En esa contradicción está llamada a desenvolverse toda la serie, cuyos guionistas siempre se las apañan para, a pesar de todo, no romper nunca la lógica de la verosimilitud y hacer perfectamente creíble que todo el negocio de la metanfetamina -a uno y otro lado de la ley- acabe girando alrededor de muy pocos personajes, que además forman una familia. Un microcosmos en torno a la doble moral hipócrita norteamericana que además propone redefinir qué es un padre de familia y qué es un criminal, o más bien cómo un hombre honesto vende su alma al diablo y se convierte en todo aquello que debería despreciar. Sin duda, es la intervención del azar, presente de una forma muy sutil, pero determinante, en Breaking Bad, la que permite que todas las piezas encajen sin estruendo.

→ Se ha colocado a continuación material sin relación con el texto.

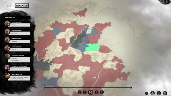 2.装备与宝物:除了已知的产良马、武器和盔甲点以外,个人感觉长安的玉石矿占领之后,玉石类宝物会逐渐增多,另外部分随从和宝物是有套装效果的,如果没有高级的宝物,弄出套装效果也不错;

Todo esto no podría funcionar sin esos toques especiales, esas extravagancias que hacen de Breaking Bad una experiencia tan completa y equilibrada. Es característico de la serie la estructura temporal de algunos capítulos concebidos como largos flash-back, o el rodaje de largas escenas respetando el tiempo real (algo muy anti-televisivo), y la inserción de momentos musicales absolutamente memorables. Va aquí un ejemplo (en el vídeo al final del texto): el arranque del capítulo 7 de la segunda temporada, un video-clip ficticio de un narcocorrido que resume y asienta la leyenda de Waltar, alias Heisenberg (que va adquiriendo proporciones míticas), y muestra cómo la audacia creativa sigue teniendo cabida en el espacio televisivo. Al llegar a este punto de la serie, te entran ganas de arrodillarte frente a la televisión... ¿Quién dijo que la edad de oro de la ficción catódica ya había terminado?